Truth & Love

by Jeff Faull

For as long as I can remember, I have wrestled with the perceived tension between truth and love.  

Have you? Church leaders we encounter often seem to project an either/or approach to truth and love in their lives and leadership. We tend to emphasize one or the other; truth or love, instead of truth and love. 

But a balanced reading of Scripture doesn't present this false dichotomy. Consider these two statements, one from the Old Testament and one from the new. 

Unfailing love and truth have met together. Righteousness and peace have kissed!  

Psalm 85:10 (NLT)

Love does not delight in evil, but rejoices with the truth.  

1 Cor. 13:6 

Love and truth are not mutually exclusive. The union of truth and love has too often been presented as a simple balance or a mixture. We might say, “He’s a little too high on the truth scale,” or conversely, “She puts too much emphasis on love.” However, you will never have too much love, and you will never have too much truth. Truth doesn’t need a little falsehood to soften it, nor does love need a little harshness to toughen it. 

Truth and love are not opposites. They are not mutually exclusive. You can apply or demonstrate either of them incorrectly. Certain demonstrations of love or truth might not be appropriate for the time and place, but there is never too much of either. Both are eternal. Both are the essence of God. Both are integral to the other’s definition. When we speak the truth in love, love wins, and truth wins. Love doesn't win without truth, and truth doesn't win without love.  

Jesus perfectly demonstrates how to manage this connection between truth and love, and if we are to live and lead like Jesus, we must emulate His posture and approach. 

My command is this: Love each other as I have loved you. Greater love has no one than this: to lay down one’s life for one’s friends. 

John 15:12-13 

See where this goes? It doesn’t create some nebulous, fuzzy, half-baked unrealistic sentimentalism, but both truth and love are inherent in the definitions of each other. 

And so we know and rely on the love God has for us. God is love. Whoever lives in love lives in God, and God in them. This is how love is made complete among us so that we will have confidence on the day of judgment: In this world we are like Jesus.  

1 John 4:16-17 

Walk in the way of love, just as Christ loved us and gave himself up for us as a fragrant offering and sacrifice to God. 

Ephesians 5:2 

These instructions lead us to love like Jesus loves, and love who and what Jesus loves.  

I find it interesting to consider the moments where Jesus’ love is described for specific individuals, where we have not merely broad categories, but specific individuals singled out as loved by Jesus. 

  • Mark 10:21; Jesus looked at the rich young ruler and loved him  

  • John 11; Jesus loved Mary and Martha and Lazarus  

  • John 15; His exceptional love for His 12 disciples  

In all of those examples, Jesus prioritized love AND truth. 

What does this mean for my leadership posture? 

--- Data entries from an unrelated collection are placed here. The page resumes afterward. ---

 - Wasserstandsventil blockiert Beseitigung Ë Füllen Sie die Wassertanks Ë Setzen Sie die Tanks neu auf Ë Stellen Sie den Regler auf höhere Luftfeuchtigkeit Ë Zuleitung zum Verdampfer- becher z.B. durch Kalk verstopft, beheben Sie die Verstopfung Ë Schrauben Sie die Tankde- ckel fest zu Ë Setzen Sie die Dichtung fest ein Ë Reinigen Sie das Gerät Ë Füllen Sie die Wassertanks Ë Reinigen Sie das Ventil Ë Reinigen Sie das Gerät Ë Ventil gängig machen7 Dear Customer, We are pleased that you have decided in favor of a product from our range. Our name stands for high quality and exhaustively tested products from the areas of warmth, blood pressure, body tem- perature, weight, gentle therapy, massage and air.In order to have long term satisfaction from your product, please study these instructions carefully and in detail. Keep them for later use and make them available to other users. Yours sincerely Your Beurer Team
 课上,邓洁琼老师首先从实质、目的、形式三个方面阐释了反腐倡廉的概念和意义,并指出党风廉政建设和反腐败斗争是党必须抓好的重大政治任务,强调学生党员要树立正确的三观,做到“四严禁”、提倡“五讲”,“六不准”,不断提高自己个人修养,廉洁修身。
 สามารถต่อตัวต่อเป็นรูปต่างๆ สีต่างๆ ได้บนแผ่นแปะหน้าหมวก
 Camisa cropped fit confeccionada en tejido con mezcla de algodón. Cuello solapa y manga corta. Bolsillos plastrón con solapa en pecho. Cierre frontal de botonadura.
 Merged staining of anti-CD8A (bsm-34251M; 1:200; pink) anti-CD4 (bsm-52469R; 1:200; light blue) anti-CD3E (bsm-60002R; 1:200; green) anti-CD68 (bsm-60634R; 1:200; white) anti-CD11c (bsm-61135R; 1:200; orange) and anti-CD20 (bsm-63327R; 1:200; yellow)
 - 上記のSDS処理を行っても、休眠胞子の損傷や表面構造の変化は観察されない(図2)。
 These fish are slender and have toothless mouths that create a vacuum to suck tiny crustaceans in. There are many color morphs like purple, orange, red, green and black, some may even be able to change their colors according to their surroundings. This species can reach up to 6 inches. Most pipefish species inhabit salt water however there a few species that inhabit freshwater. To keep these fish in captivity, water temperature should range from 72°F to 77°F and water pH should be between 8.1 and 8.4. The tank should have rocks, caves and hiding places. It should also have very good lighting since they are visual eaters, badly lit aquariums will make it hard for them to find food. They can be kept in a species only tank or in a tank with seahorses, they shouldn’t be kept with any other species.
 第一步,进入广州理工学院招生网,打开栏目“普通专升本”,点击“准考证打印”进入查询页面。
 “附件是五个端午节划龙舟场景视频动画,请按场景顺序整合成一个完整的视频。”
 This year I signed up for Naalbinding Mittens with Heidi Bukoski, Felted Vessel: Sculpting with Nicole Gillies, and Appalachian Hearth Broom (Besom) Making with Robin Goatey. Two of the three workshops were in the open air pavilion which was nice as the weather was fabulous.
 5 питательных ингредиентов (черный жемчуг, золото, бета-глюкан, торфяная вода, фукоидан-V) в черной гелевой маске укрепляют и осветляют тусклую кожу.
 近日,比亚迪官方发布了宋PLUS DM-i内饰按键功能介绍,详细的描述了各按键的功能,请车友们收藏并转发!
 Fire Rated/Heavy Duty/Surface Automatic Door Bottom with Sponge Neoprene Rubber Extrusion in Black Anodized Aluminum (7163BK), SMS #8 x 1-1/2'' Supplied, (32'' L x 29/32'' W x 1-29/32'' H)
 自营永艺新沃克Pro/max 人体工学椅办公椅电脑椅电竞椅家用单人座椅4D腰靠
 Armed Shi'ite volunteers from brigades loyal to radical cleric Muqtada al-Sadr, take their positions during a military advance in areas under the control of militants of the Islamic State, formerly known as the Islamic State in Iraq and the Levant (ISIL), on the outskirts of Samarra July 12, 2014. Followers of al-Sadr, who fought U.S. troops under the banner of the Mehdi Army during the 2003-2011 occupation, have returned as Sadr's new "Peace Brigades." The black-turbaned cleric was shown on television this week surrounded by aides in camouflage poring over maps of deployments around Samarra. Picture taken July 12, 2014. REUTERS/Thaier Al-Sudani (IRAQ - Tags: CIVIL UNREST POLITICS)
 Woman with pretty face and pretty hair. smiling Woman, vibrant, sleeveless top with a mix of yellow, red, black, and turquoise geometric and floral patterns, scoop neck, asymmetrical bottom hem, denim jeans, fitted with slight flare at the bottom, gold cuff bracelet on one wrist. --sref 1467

People say, “Christians ought to be known more by what they are for, than what they are against.” Sounds reasonable. But sometimes it is a way to silence truth. Often when you are for something, it naturally necessitates that you are against something.  

  • If I am for a well-manicured lawn, I’m against weeds, bare spots and shaggy grass. 

  • If I am for safe roads, I’m against potholes, lack of signage, dangerous bridges, and blind spots. 

  • If I am for privacy, I’m against spyware, unauthorized data collection and sharing of my personal information. 

  • If I am for Godliness, I’m against ungodliness.  

  • If I am for morality, I’m against immorality.  

  • If I am for freedom, I’m against tyranny. 

Jesus told us what He is for, while also expressing what He is against. 

Alfred Tennyson was a famous English poet for Queen Victoria. He wrote Charge of the Light Brigade, Crossing the Bar, In Memoriam and other famous works. He was criticized at times for being overly sentimental. He wrote phrases like, “better to have loved and lost...” and “Love is the only gold.” 

Somewhere I read that when early printers, using handset type, received an order to print a collection of Lord Tennyson's poems, they immediately ordered hundreds of extra letters L and V for their presses. They knew Tennyson. He used “love” so often in his poetry that the average set of type could not possibly supply all the necessary letters. 

It is in unconditional love and uncompromising truth that God deals with us. Any attempt at living and leading like Jesus will be characterized, undergirded, and suffused by His truth and love. 

The hills of truth we are willing to die on, must also be hills we are willing to live and love on. Let’s lead like Jesus.